Бескрылые птицы - читать онлайн книгу. Автор: Луи де Берньер cтр.№ 124

читать книги онлайн бесплатно
 
 

Онлайн книга - Бескрылые птицы | Автор книги - Луи де Берньер

Cтраница 124
читать онлайн книги бесплатно

87. Я Филотея (14)

Что я еще могу, кроме как ждать, ждать и ждать? Я ждала так долго, с самого детства, и теперь жалею, что не вышла замуж в двенадцать лет, как другие девочки, но Ибрагим тогда был очень мал. В тринадцать мальчик еще слишком молод. В этом возрасте мальчишки не серьезные.

Я столько лет ухаживала за Лейлой-ханым, которой просто нужно общение, а кому не нужно? Мне здесь платили, и эти деньги — благо для моей семьи. Но все время, сколько себя помню, меня томило желание, от которого, едва подумаю о любимом, перехватывает горло, сжимается сердце, и всю пробирает дрожь, слабнут ноги, тянет в животе, словно от голода или тревоги, а я все его представляю и будто взаправду вижу, только необычно — вижу, когда его нет, вот как у меня получается. Гляну на холм, а там Ибрагим, посмотрю на площадь и вижу Ибрагима, думаю о нем, когда слышу козу, ведь он козопас, и еще когда встречаю Кёпека, который совсем состарился. Увидев собаку, я думаю: кто из нас раньше умрет, я или Кёпек, ведь мы оба до смерти истосковались, ожидая Ибрагима.

Говорят, я красивая, даже заставляли носить вуаль, а то мужчины чересчур волнуются, и вроде бы я красавица с самого рождения, и ходжа Абдулхамид пришел на меня взглянуть, а он святой, и благословил, хоть я и девочка. А Лейла-ханым научила, как быть еще красивее: украшать себя, умащивать благовониями и бальзамами и творить из себя совершенство перед зеркалом.

Я поняла, что быть совершенством мало. Я бы променяла его на родовые муки и усталость от работы в мужнином доме, на унижение быть в нем последней среди женщин и на печаль, что это мое совершенство смывают обязанности жены.

Я ждала семь лет, с тех пор как возлюбленный ушел воевать, и все семь Лет провела в доме Рустэм-бея, наблюдая, как от мучительного желания совершенство по капле вытекает, и боясь, что любимый меня разлюбит, когда увидит, какой я стала.

И вот он вернулся. Он сражался в Месопотамии, где одни скорпионы и камни, побывал в Сирии, а в армии Мустафы Кемаля воевал против Старых Греков, и я тревожусь: вдруг он теперь меня не захочет, ведь мой отец христианин, а из-за этих греков на христиан все ожесточились.

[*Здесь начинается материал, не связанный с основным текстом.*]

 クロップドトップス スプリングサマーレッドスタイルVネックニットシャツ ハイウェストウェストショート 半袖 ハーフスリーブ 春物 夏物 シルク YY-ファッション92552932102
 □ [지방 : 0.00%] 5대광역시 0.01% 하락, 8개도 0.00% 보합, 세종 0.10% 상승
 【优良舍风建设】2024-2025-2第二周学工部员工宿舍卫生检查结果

Сердце в груди колотится и болит, потому что он вернулся, а мы и не повидались, даже на глазах его матушки. Нас обручили золотой монетой, а теперь он такой худой и беззубый, голос прерывается, речь путаная, смех странный и визгливый, руки трясутся, и, говорят, он беспрестанно курит, даже не скрываясь от старших, и усы посередке пожелтели.

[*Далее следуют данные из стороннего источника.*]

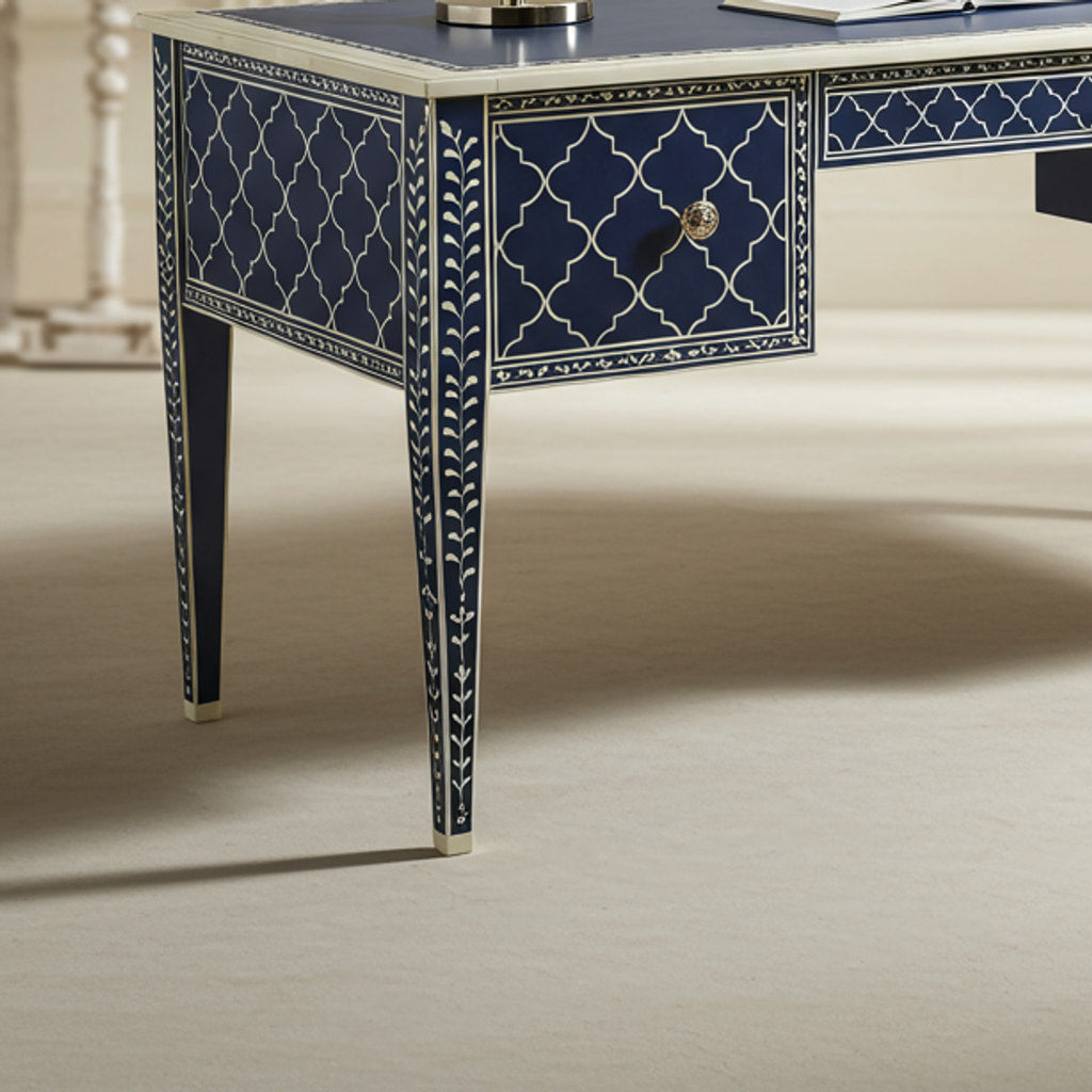 This beautifully crafted navy blue writing desk features intricate white geometric patterns and elegant detailing, perfect for enhancing any sophisticated workspace or living area. Equipped with multiple drawers for ample storage, it combines aesthetics with functionality to elevate your interior decor.
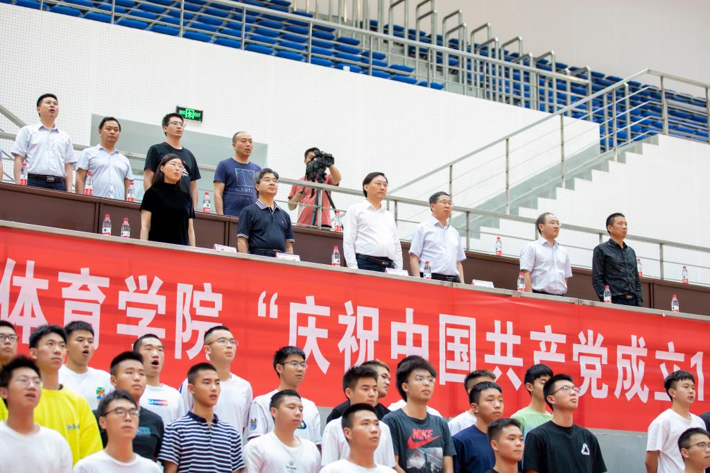 下午两点半,主持人宣布全体肃立奏唱《中华人民共和国国歌》,全场600余名师生,面向国旗,齐声高歌。KY开元集团官网党总支书记王兆忠代表学院致辞,他说明了本次活动的背景、意义并表达了美好的祝愿。他特别强调了,站在两个100年的历史交汇点,在实现中华民族伟大复兴的新征程上,体育人应肩负起的神圣职责和光荣使命!活动在《龙腾盛世》的舞龙表演中拉开序幕,富含寓意的舞龙表演表现了中华民族在中国共产党的领导下,从站起来、富起来到强起来的伟大历程。接下来,武术班的同学们分别带来了剑术、棍术、拳术和法门太极表演,健美操班的同学们表演了精彩的民族体育舞蹈,法门武术研究会的老师们还表演了法门太极、武术和气功,大一近100名学生集体表演了太极和八段锦。最后,活动在全场《没有共产党就没有新中国》嘹亮的歌声中圆满结束。

Отец Ибрагима пришел сказать, что любимый нездоров, мол, у него после войны с головой не в порядке, и мой отец согласился, что со свадьбой надо маленько обождать, пока Ибрагим не придет в себя, и когда мне об этом сказали, меня прям ожгло, и я заплакала, потому что так долго ждала, а теперь, может, еще семь лет ждать, а то и семь раз по семь. Я побежала в дом Рустэм-бея и поплакала с Лейлой-ханым, она такая милая, а потом мы пошли на холм и подглядели за любимым. В небе гудел ветер, а мы слушали, как он играет на кавале, что поет слаще всех на свете, слаще малиновки и коноплянки. Ибрагим сидел-сидел на камне, а потом опустил каваль, потрепал Кёпеку уши и вдруг зарыдал, утирая глаза, и мы потихоньку ушли, потому что негоже подглядывать, как мужчина плачет.

Лейла-ханым отвела меня обратно, по всякому заплетала и расплетала мне косы перед зеркалом, и даже маленько рассмешила чудной прической, а потом ласково погладила шею, поцеловала в щеку и сказала: как Дросула вышла за Герасима, я для нее не просто служанка и горничная. Она обняла меня, и я успокоилась.

Я рассказала, как перехватывает горло и сводит живот, будто от голода, о беспокойстве и дрожи, о нескончаемой надежде, о том, что он повсюду видится, и Лейла сказала:

— Я знаю для этого слово.

— Скажите мне, — попросила я.

— Это слово агапи [115] .

— Что оно означает?

Лейла рассмеялась:

— Глупышка, все, о чем ты сейчас рассказала.

— Какой это язык?

— Обещаешь не болтать?

— Обещаю.

— Греческий. Хочешь узнать, как сказать любимому, что ты чувствуешь, когда ты в его постели или вы одни на лугу, и он лежит на тебе?

Я покраснела и ответила:

— Хочу, Лейла-ханым.

— Ты называешь его агапи му.

Агапи му, агапи му, — повторяла я, пока не запомнила.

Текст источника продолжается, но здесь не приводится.